A dispute began in 1988 between Armenians and Azerbaijanis for control over Nagorny Karabakh – a territory within the boundary of Soviet Azerbaijan, inhabited by a local Armenian majority seeking unification with Armenia. Massive mutual expulsions of Armenians from Azerbaijan and Azeris from Armenia followed. Attempts at restoring Moscow’s control failed, and the Karabakh issue contributed significantly to the collapse of the Soviet Union in 1991.
From 1992–94 Armenia and Azerbaijan fought a bitter war over the disputed region. At least 25,000 people were killed and more than a million people were displaced from their homes. From the time the war ended, seven districts of Azerbaijan outside the former Nagorno-Karabakh Autonomous Oblast remain wholly or partially occupied by Armenian forces.

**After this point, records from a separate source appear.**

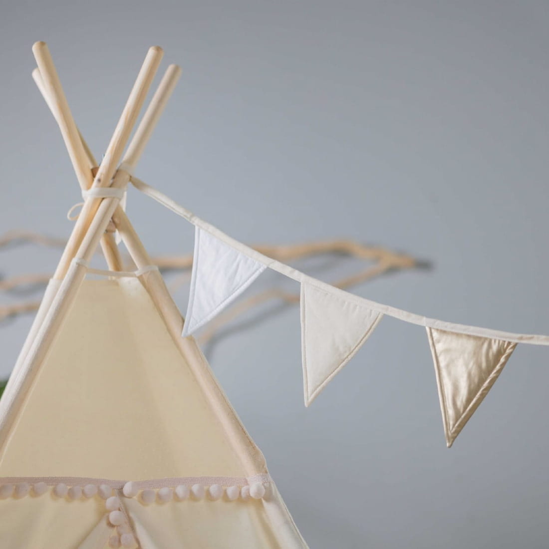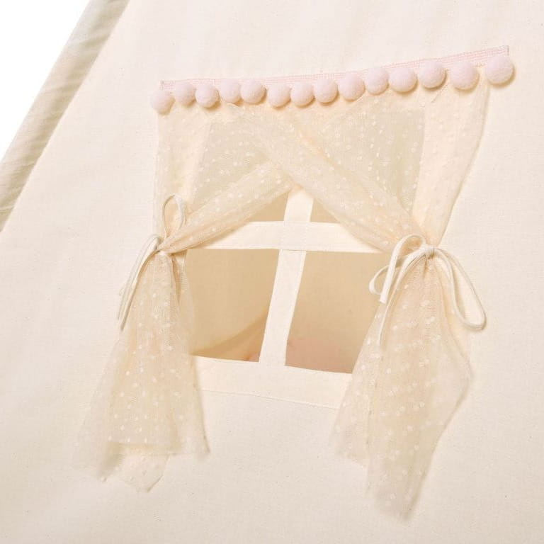 Tipi "Kuleczkowa Mgiełka" to idealny namiot dla małych marzycieli. Zwiewny, delikatny, w stonowanej ciepłej kolorystyce. Udekorowany małymi pomponikami i lekką siateczką na górze. Wejdźcie do środka, a "Kuleczkowa Mgiełka" przeniesie Was do świata wyobraźni. Neutralne barwy sprawią, że pasować będzie do każdego pokoju dziecięcego. Całość uszyta z wysokiej jakości tkanin z certyfikatem bezpieczny dla dziecka (bawełna i surówka naturalna bawełniana z charakterystyczną strukturą, 100% ekologiczna, bezpieczna, niebarwiona, w naturalnym kolorze ecru).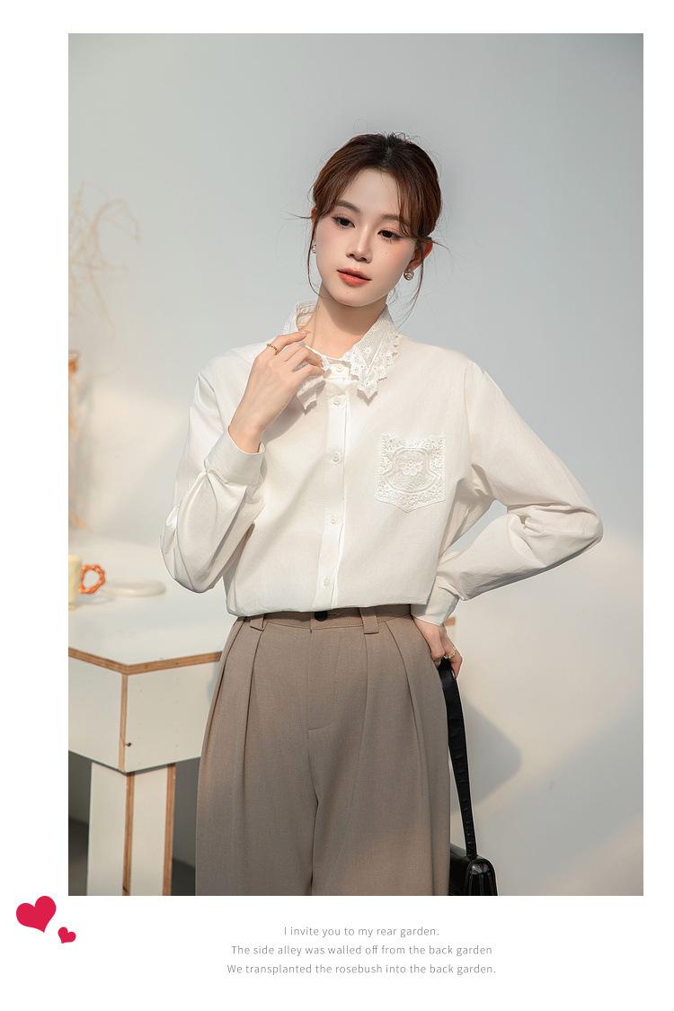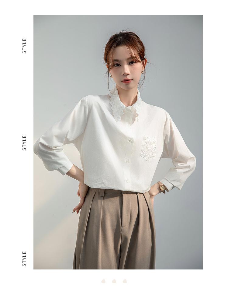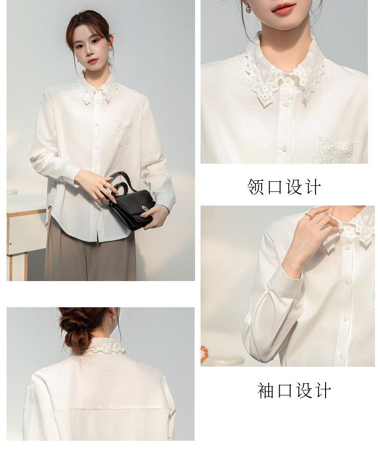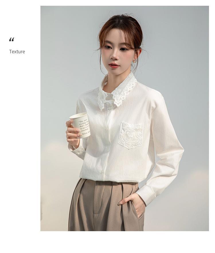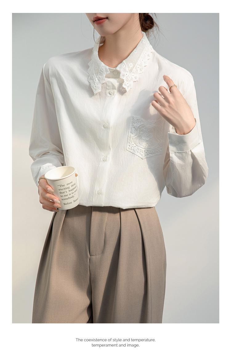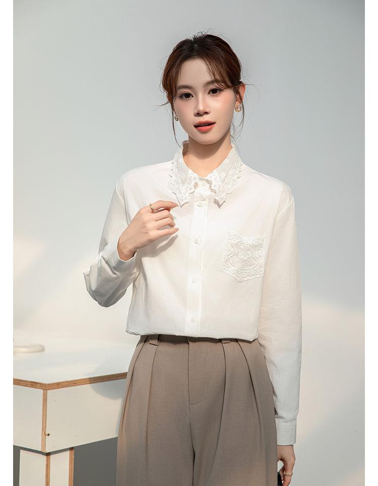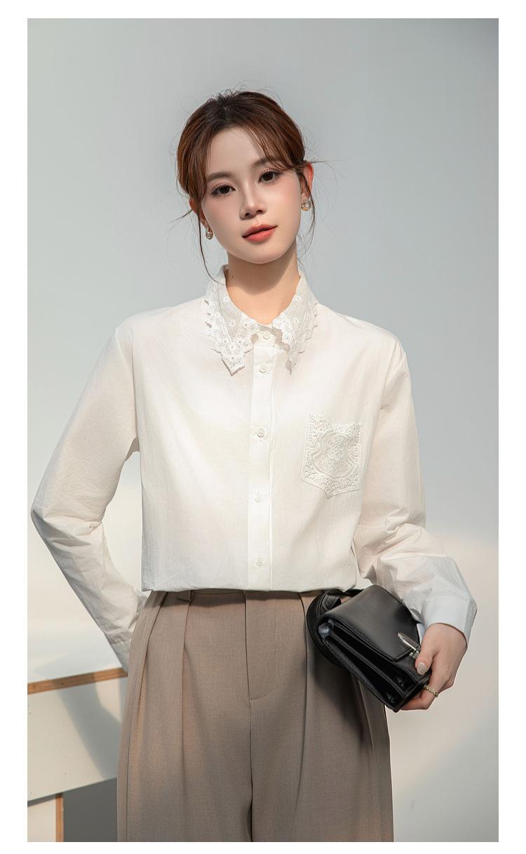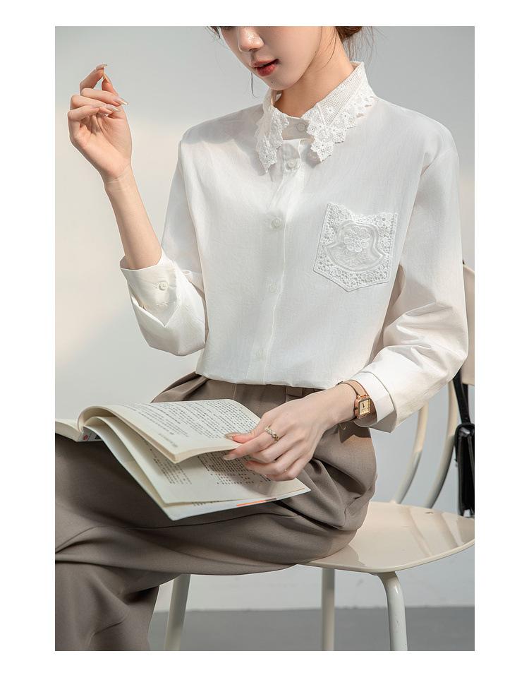 Camisa elegante de manga larga blanca con cuello bordado y encaje grueso para mujer, nueva moda coreana primavera 2025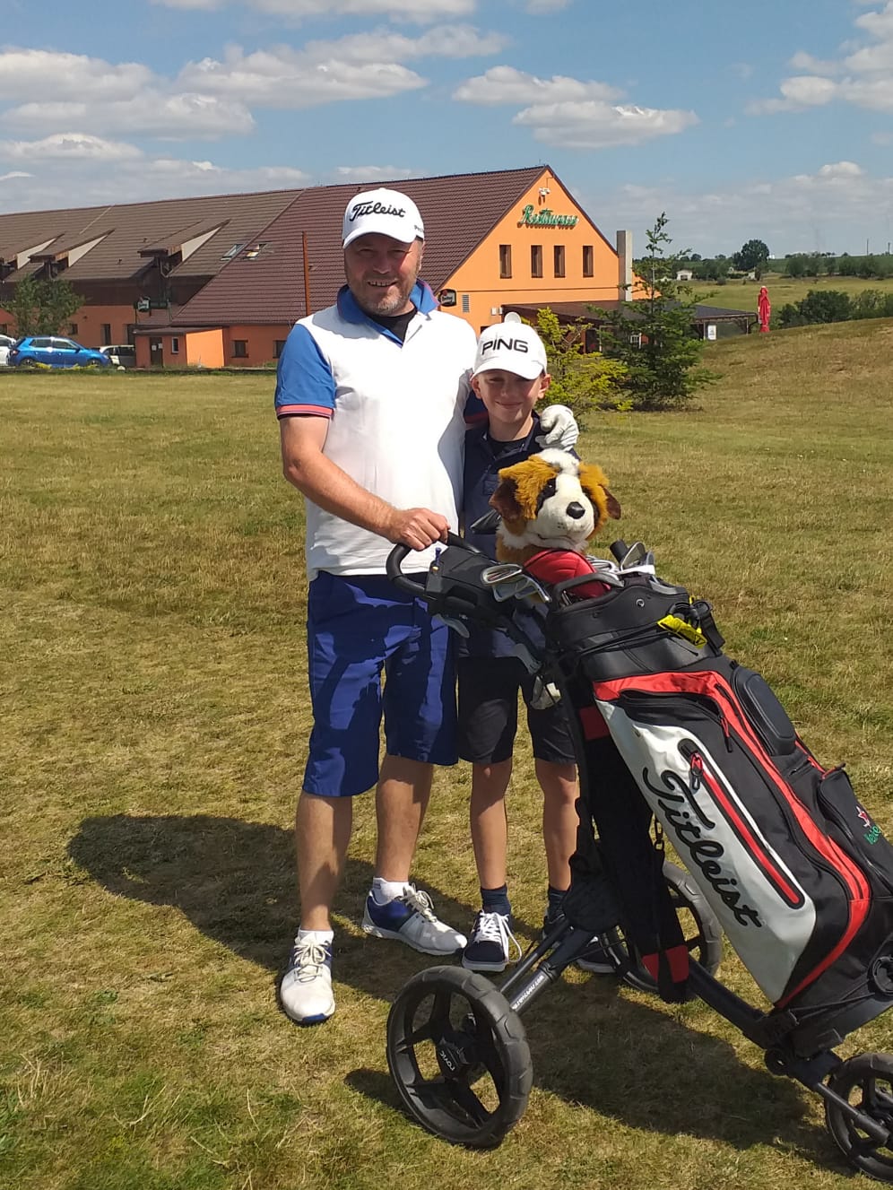 Trenér A-týmu měl o volnu spoustu času na oblíbený golf. Na snímku je se svým synem Simonem.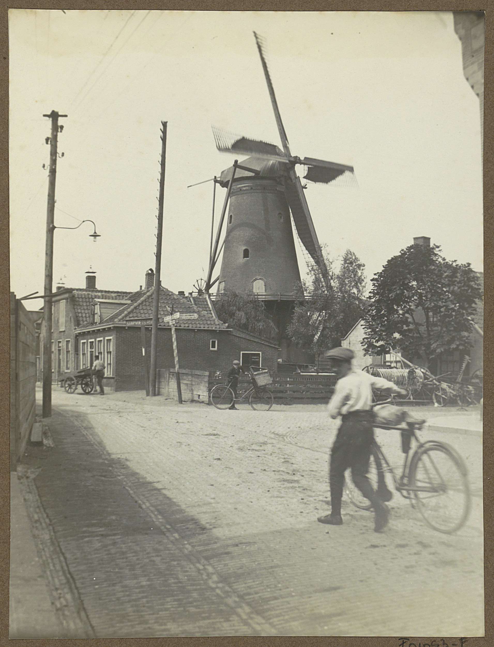Dorpsstraat met fietser en windmolen bij Weesp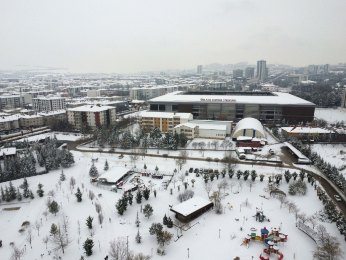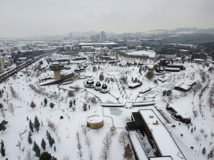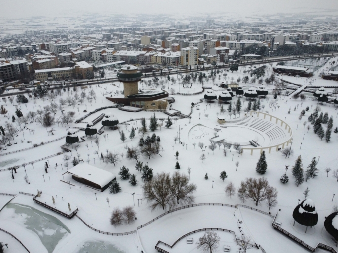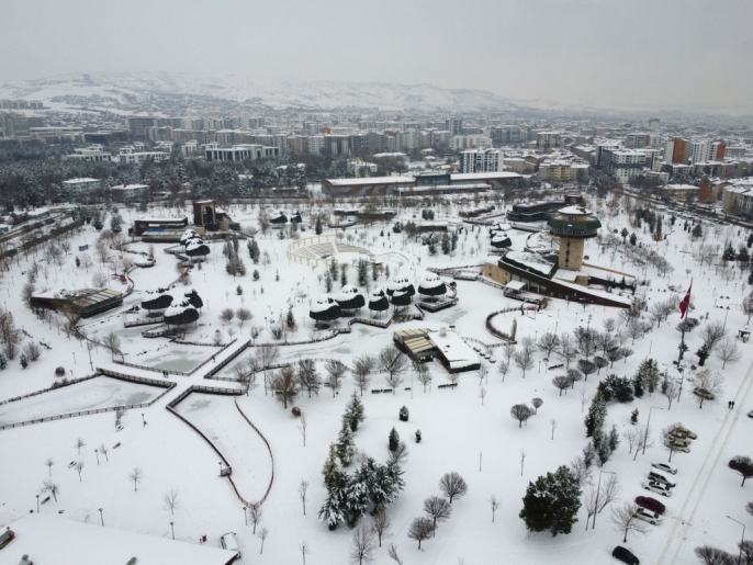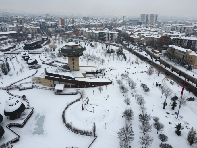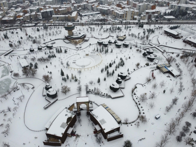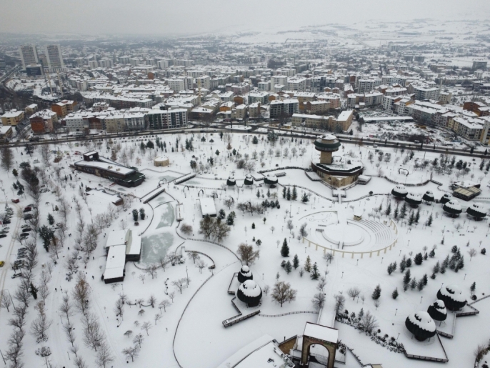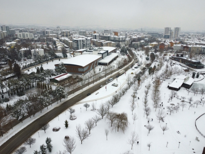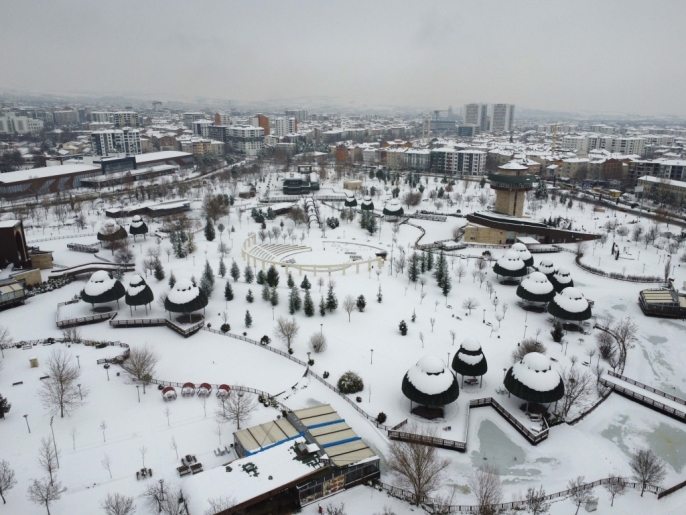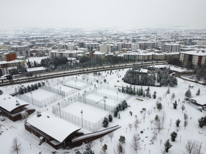 Karla kaplı parklar ve yerleşim alanları, dron ile yapılan çekimlerle havadan görüntülendi. Bu sayede, karın şehre kattığı eşsiz güzellik gözler önüne serildi.

Since the end of the war, there has been virtually no contact between ordinary people across the conflict divide and a whole new generation of Armenians and Azerbaijanis has grown up knowing almost nothing about each other. Nagorny Karabakh currently functions as a de facto independent state, unrecognised by the rest of the world but closely integrated with Armenia. There are no international peacekeeping forces on the ground. Instead the ceasefire is self-regulating with thousands of Armenian and Azerbaijani troops facing each other across the Line of Contact. Dozens are deaths are reported each year as a result of sniper fire and periodic skirmishes.
Tensions increased significantly along the Line of Contact and the regular border between Armenia and Azerbaijan in summer 2014, with at least 30 soldiers losing their lives and fears growing on either side that a return to full-scale violence was possible.
Following the 1994 ceasefire, an internationally mediated peace process was established, currently led by France, the Russian Federation and the United States under the auspices of the Organization for Security and Cooperation in Europe. Known as the ‘Minsk Group’, it has produced a number of proposals to resolve the conflict, none of which have proved acceptable to all stakeholders. The most recent proposal, known as the ‘Madrid principles’, has formed the basis for Armenian–Azerbaijani peace talks since 2007. Agreement on some ideas contained in the Madrid principles has allegedly been within reach at times, yet a permanent settlement to the conflict remains elusive.